Quintilian On The Self-Discipline Of Teaching

Marcus Fabius Quintilianus was born about 35 A.D. at Calagurris. Young Quintilian was sent to Rome for his education and among his teachers were the famous grammaticus Remmius Palaemon, and the rhetorician Domitius Afer. After returning to his native land, he was brought back to Rome in 68 A.D. by Galba, then governor of Hispania Tarraconensis. At Rome he met with great success as a teacher and was the first rhetorician to set up a genuine public school and to receive a salary from the State.

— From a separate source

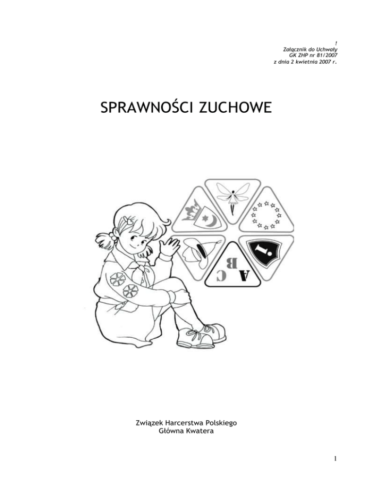 ! Załącznik do Uchwały GK ZHP nr 81/2007 z dnia 2 kwietnia 2007 r. SPRAWNOŚCI ZUCHOWE Związek Harcerstwa Polskiego Główna Kwatera 1 Druhno Drużynowa, Druhu Drużynowy! Do Twoich rąk trafił właśnie regulamin oraz programy sprawności zuchowych. Czym to wydanie różni się od poprzednich? Po pierwsze - znajdziecie w nich nowe programy sprawności, dzięki którym będziecie mogli poszerzyć swój warsztat pracy. Dzięki nim wzbogacicie tematykę zbiórek, ich fabułę oraz wprowadzicie nowe, interesujące dla zuchów treści. Po drugie – programy sprawności zostały podzielone tematycznie. Nie oznacza to jednak, że jest to jedyny dopuszczalny podział. Regulamin każdej sprawności oparty jest o schemat. W ramach tego schematu, w każdej sprawności znalazło się miejsce na: - wszechstronne kształtowanie charakteru - poprzez rozwijanie i gruntowanie samodzielności, gotowości do pomocy innym, dzielności czy prawdomówności, - rozwój intelektualny – poprzez wprowadzanie nowych, ciekawych informacji i wszechstronne wzbogacanie wiedzy. - wyrobienie fizyczne – wynikające z zagwarantowania zuchom na zbiórce ruchu (gier i ćwiczeń) oraz przebywania na świeżym powietrzu, - ćwiczenia praktyczne – z zakresu danej sprawności, Oczywiście, powstałe grupy sprawności w sposób szczególny przyczyniają się do rozwijania jednej wybranej postawy, którą chcemy kształtować u zuchów w określonym czasie, w zależności od indywidualnej charakterystyki gromady. Programy sprawności zbudowane są jednak w taki sposób, że obok dominujących tresci (ściśle zwiazanych z tematyką sprawności), zawierają propozycje działań, służące wszechstronnemu rozwojowi. Po trzecie – w opracowaniu tym znajdziecie zarówno sprawności zdobywane zespołowo i indywidualnie. Wyodrębnione sprawności zdobywane indywidualnie pomogą kształtować i rozwijać pożądane cechy u zuchów. W zestawie sprawnościach zuchowych nie ma jednak żadnej sprawności, której program wykluczałby zdobywanie zespołowe. Wszystkie sprawności można również dostosować do indywidualnego zdobywania, jeśli zuch posiada predyspozycje lub wyraźne chęci by taką sprawność realizować. Mamy nadzieję, że książeczka spełni swoje zadanie ułatwiając pracę drużynowym. Zespół Zuchowy WM GK ZHP 2 Regulamin sprawności zuchowych I. Sprawność zuchowa to określone programem umiejętności i pożądane zachowania przeżyte w zabawie. 1. Zespołowe zdobywanie sprawności to aktywne uczestnictwo w zabawach gromady. Indywidualne zdobywanie sprawności to samodzielne podejmowanie działań w określonej dziedzinie. Zdobywanie sprawności służy ujawnianiu i rozwijaniu uzdolnień zuchów, uczy rzetelności w zabawie, umożliwia poznanie otaczającego świata i ćwiczenie pożytecznych w życiu umiejętności. 2. Program sprawności zdobywanej zespołowo to zbiór pomysłów do zabaw z zuchami, który składa się z trzech części: a) zestawu zadań objętych tematem sprawności zapisanych w formie zabaw i skierowanych do zucha, b) zbioru podpowiedzi dla drużynowego, które pomogą mu: - dostrzec walory wychowawcze proponowanych zabaw, - modyfikować wymagania objęte tematem sprawności w zależności od pory roku, charakteru i możliwości gromady, c) podstawowej bibliografii dotyczącej tematu sprawności. 3. Program sprawności zdobywanej indywidualnie to zbiór: a) proponowanych działań do samodzielnej realizacji przez zucha, b) podpowiedzi dla drużynowego, które zawierają propozycje: - możliwości włączenia samodzielnych działań zucha do zabaw gromady, - sposobów oceny (kontroli) przebiegu realizacji podjętych przez zucha działań, - dalszego wspierania rozwoju zainteresowań zucha. 4. Pakiet zabaw zawartych w programie sprawności powinien sprzyjać: a) rozwojowi fizycznemu, b) rozwojowi umysłowemu, c) rozwojowi społecznemu, d) rozwojowi duchowemu każdego zucha. Wpływ ten może być rezultatem zarówno sposobu podejścia do zabawy i jej organizacji, jak również samej treści zabawy. II. Tryb zdobywania sprawności zuchowych 1. Zespołowe zdobycie sprawności polega na aktywnym udziale zucha w zabawach gromady. W zdobywaniu sprawności należy uwzględnić: – podjęcie w Kręgu Rady decyzji o tym, w co się będziemy bawić, czyli o wyborze sprawności, – wspólną zabawę wynikającą z programu danej sprawności, – wspólną zabawę z wykorzystaniem umiejętności i istotnych elementów zbiórek, które umożliwiają podsumowanie cyklu i podjęcie decyzji o przyznaniu sprawności, – indywidualne przyznanie sprawności każdemu zuchowi. Decydują o tym wszystkie zuchy wraz z przybocznymi i drużynowym w Kręgu Rady, – obrzędowe nadanie sprawności połączone z wręczeniem znaczka sprawności. 3 2. Indywidualne zdobycie sprawności polega na zrealizowaniu wybranych przez zucha działań oraz prezentacji w trakcie zbiórki wybranych wspólnie z drużynowym efektów tych działań. W indywidualnym zdobywaniu sprawności należy uwzględnić: – wybrane przez zucha sprawności i wspólne ustalenie z drużynowym lub przybocznym zadań wynikających z jej programu, – wykonanie ustalonych zadań. Realizacja tych zadań jest wspierana przez drużynowego lub przybocznego w zależności od potrzeb zucha, – prezentację na zbiórce wybranych wspólnie z drużynowym zadań i podjęcie wspólnej decyzji w Kręgu Rady o przyznaniu sprawności. 3. Sprawności można zdobywać zespołowo lub indywidualnie pamiętając o dostosowaniu programu do przyjętego sposobu realizacji. 4. Dziecko wstępujące do gromady uczestniczy w zdobywaniu sprawności i może ją mieć przyznaną przed złożeniem Obietnicy. III. Zasady ogólne 1. Podstawowy zestaw programów sprawności ogłasza Naczelnik ZHP. Programy sprawności występują w dwóch grupach: – realizowanych zespołowo, – realizowanych indywidualnie. 2. Zdobycie sprawności potwierdzane jest w książeczce zucha

He continued to teach for twenty years and had among his pupils the younger Pliny and the two sons of Domitilla, the sister of Domitian.

Quintilian

Quintilian writes: “1. AS SOON therefore as a boy shall have attained such proficiency in his studies as to be able to comprehend what we have called the first precepts of the teachers of rhetoric, he must be put under the professors of that art.
2. Of these professors the morals must first be ascertained, a point of which I proceed to treat in this part of my work, not because I do not think that the same examination is to be made, and with the utmost care, in regard also to other teachers (as indeed I have shown in the preceding book), but because the very age of the pupils makes attention to the matter still more necessary. 3. For boys are consigned to these professors when almost grown up and continue their studies under them even after they are become men. Greater care must in consequence be adopted with regard to them in order that the purity of the master may secure their more tender years from corruption and that his authority deter their bolder age from licentiousness. 4. Nor is it enough that he give, in himself, an example of the strictest morality, unless he regulate also, by severity of discipline, the conduct of those who come to receive his instructions.

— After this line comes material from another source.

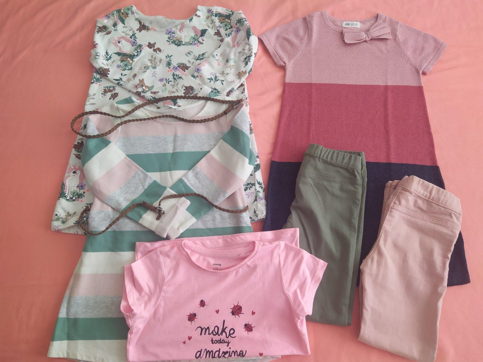 Balík oblečenia, veľkosť 134/140. Sú tam tričká s dlhým rukávom, sukňa, rifle, legíny,tepláky, svetre a mikiny.
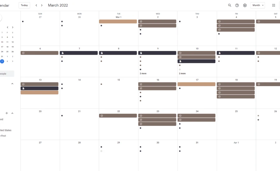 Using too many colors. If you assign a different color to every single event, nothing stands out. Your brain can’t form patterns. Stick to 5–7 categories maximum.

Let him adopt, then, above all things, the feelings of a parent towards his pupils and consider that he succeeds to the place of those by whom the children were entrusted to him. 5. Let him neither have vices in himself, nor tolerate them in others. Let his austerity not be stern, nor his affability too easy, lest dislike arise from the one or contempt from the other. Let him discourse frequently on what is honorable and good, for the oftener he admonishes, the more seldom will he have to chastise. Let him not be of an angry temper and yet not a conniver at what ought to be corrected. Let him be plain in his mode of teaching and patient of labor, but rather diligent in exacting tasks than fond of giving them of excessive length. 6. Let him reply readily to those who put questions to him and question of his own accord those who do not. In commending the exercises of his pupils, let him be neither niggardly nor lavish, for the one quality begets dislike of labor and the other self-complacency. 7. In amending what requires correction, let him not be harsh and, least of all, not reproachful, for that very circumstance that some tutors blame as if they hated deters many young men from their proposed course of study. Let him every day say something, and even much, which, when the pupils hear, they may carry away with them, for though he may point out to them in their course of reading plenty of examples for their imitation, yet the living voice, as it is called, feeds the mind more nutritiously, and especially the voice of the teacher, whom his pupils, if they are but rightly instructed, both love and reverence. How much more readily we imitate those whom we like can scarcely be expressed.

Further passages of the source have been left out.